WHAT TO PRODUCE: Produce a faithful copy of the data, one that leaves out the pictures.

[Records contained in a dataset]
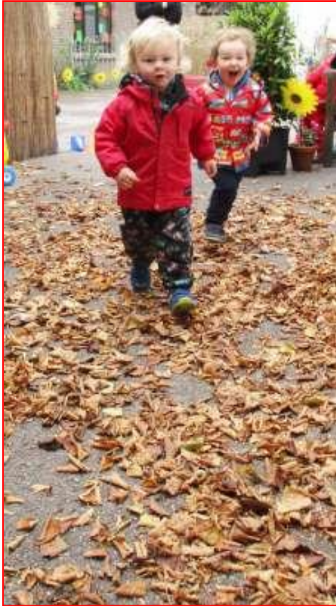
Fledglings in action! Running, scrunching and kicking the Autumn leaves
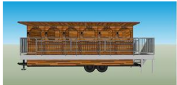
Rendering of 12-unit Hostel Cubed prototype
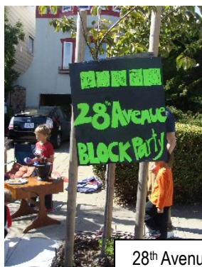
28 th Avenue neighbors (between Lincoln Way & Irving) held a block party on Oct. 17 th
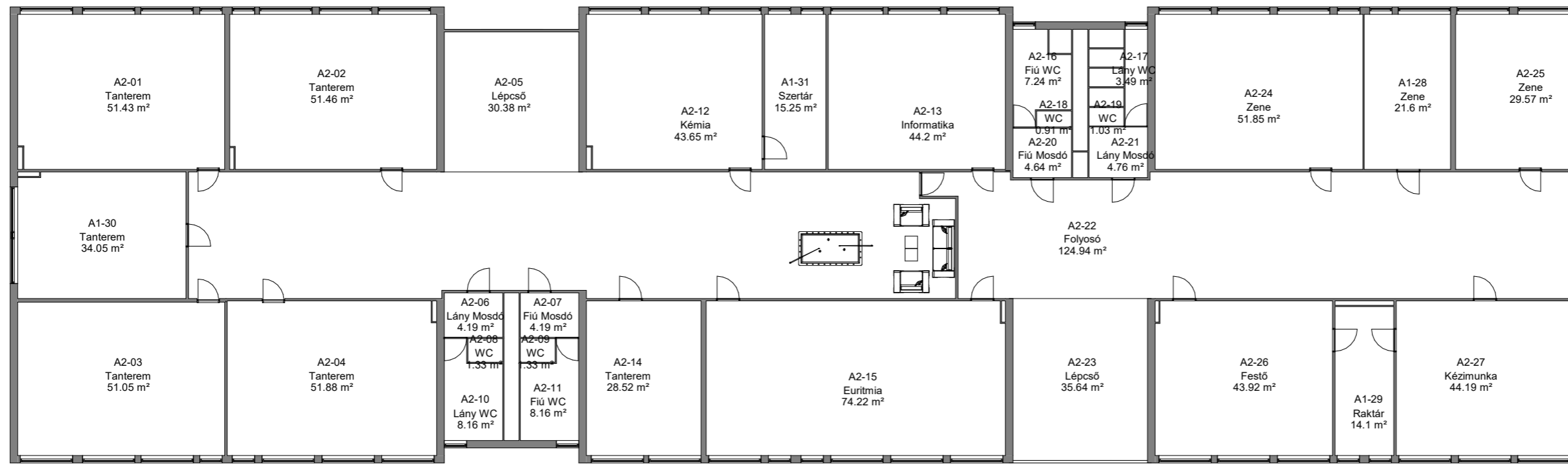
03 2nd Floor 1 : 100
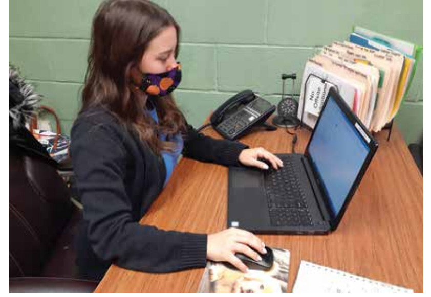
Almost Home's technology grant is helping them adopt dogs to loving homes.
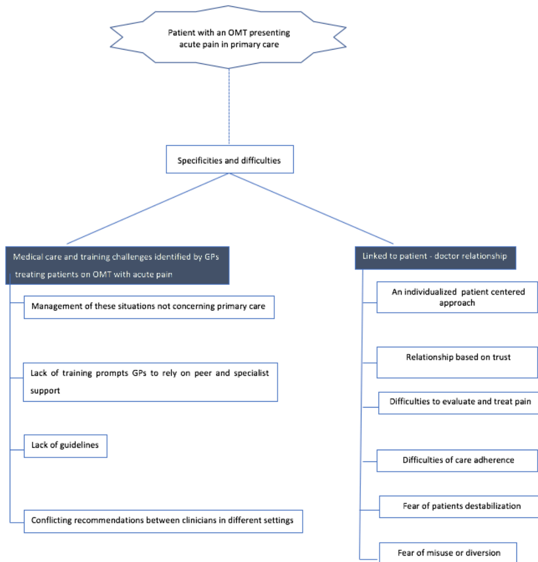
Figure 1 Specificities and difficulties for management of acute pain among patients under OMT in primary care—thematic analyses. GP, general practitioner; OMT, opioid maintenance treatment.

Many of the GPs reported lack of time for training. Some GPs identified inadequate training on the subject ‘I think we lack training on this subject’ (E5-l.275–278) and they described the desire for specific training to develop their knowledge about OMT and pain management. ‘I would be ready to learn more on this topic’ (E2-l.784). On the other hand, other respondents were at ease with pain management for patients on OMT: ‘I’m not a pain specialist at all, but it’s not a problem for me.’ (E1-l.546–547).
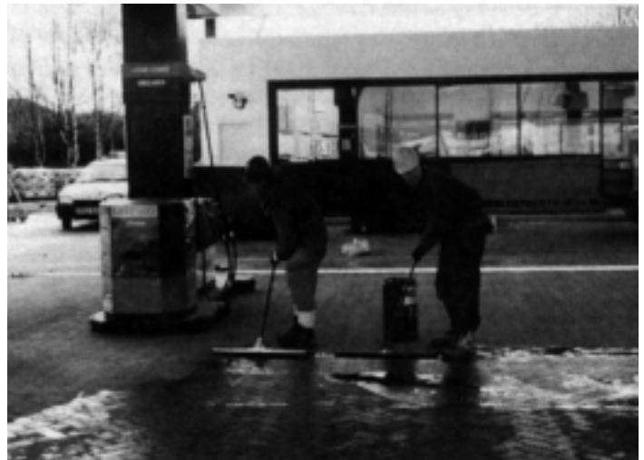
Figure 5 (above left) and Figure 6 (above right). Urethane is applied with squeegees to stabilize joint sand between pavers in air-craft pavement and at a gas station.

coats, the first coat is usually applied to saturation. A light second coat, if needed, can be applied for a glossy finish. Be careful not to over apply the sealers such that the surface becomes slippery. For water based sealers requiring two coats, always apply the second coat while the first coat is still very tacky. Prevent all traffic from entering the area until the sealer is completely dry, typically 24 hours.
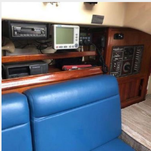
Instruments & Electric Panel
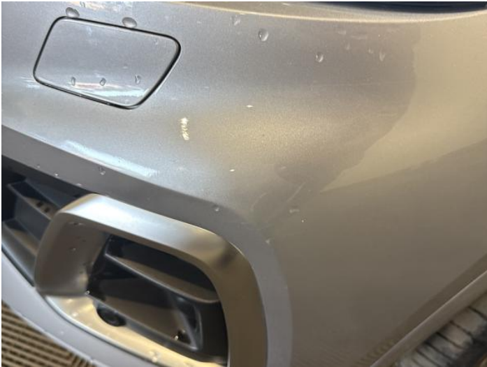
3: Bumper Front Chipped 1 To 5
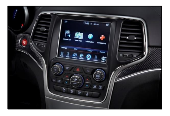
8.4" Uconnect Radio (1-Piece Radio)
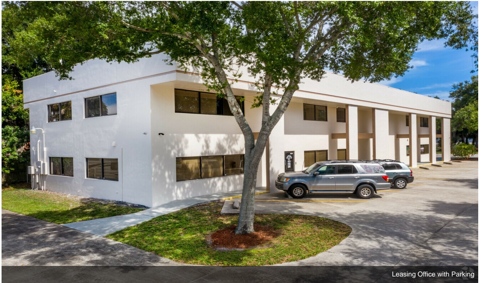
Leasing Office with Parking
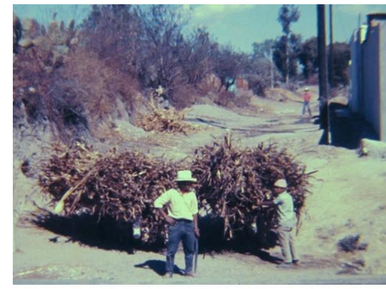
A father and son with their two hard-to-see burros carrying firewood in a small village.

The burros fascinated me. A simple beast of burden was a valuable asset here. They idly hung around until needed, and then they became a pack animal, transportation or whatever else within these creatures' unique capabilities. The scenes could have been from the 1800s if the occasional pickup were removed. I've been in a couple of third-world countries so the scenes were not shocking, just there again. For Bonnie, it was like being on a different planet—she was a long way from the

ANSWER SPACE:
Fledglings in action! Running, scrunching and kicking the Autumn leaves
Rendering of 12-unit Hostel Cubed prototype
28 th Avenue neighbors (between Lincoln Way & Irving) held a block party on Oct. 17 th
03 2nd Floor 1 : 100
Almost Home's technology grant is helping them adopt dogs to loving homes.
Figure 1 Specificities and difficulties for management of acute pain among patients under OMT in primary care—thematic analyses. GP, general practitioner; OMT, opioid maintenance treatment.

Many of the GPs reported lack of time for training. Some GPs identified inadequate training on the subject ‘I think we lack training on this subject’ (E5-l.275–278) and they described the desire for specific training to develop their knowledge about OMT and pain management. ‘I would be ready to learn more on this topic’ (E2-l.784). On the other hand, other respondents were at ease with pain management for patients on OMT: ‘I’m not a pain specialist at all, but it’s not a problem for me.’ (E1-l.546–547).
Figure 5 (above left) and Figure 6 (above right). Urethane is applied with squeegees to stabilize joint sand between pavers in air-craft pavement and at a gas station.

coats, the first coat is usually applied to saturation. A light second coat, if needed, can be applied for a glossy finish. Be careful not to over apply the sealers such that the surface becomes slippery. For water based sealers requiring two coats, always apply the second coat while the first coat is still very tacky. Prevent all traffic from entering the area until the sealer is completely dry, typically 24 hours.
Instruments & Electric Panel
3: Bumper Front Chipped 1 To 5
8.4" Uconnect Radio (1-Piece Radio)
Leasing Office with Parking
A father and son with their two hard-to-see burros carrying firewood in a small village.

The burros fascinated me. A simple beast of burden was a valuable asset here. They idly hung around until needed, and then they became a pack animal, transportation or whatever else within these creatures' unique capabilities. The scenes could have been from the 1800s if the occasional pickup were removed. I've been in a couple of third-world countries so the scenes were not shocking, just there again. For Bonnie, it was like being on a different planet—she was a long way from the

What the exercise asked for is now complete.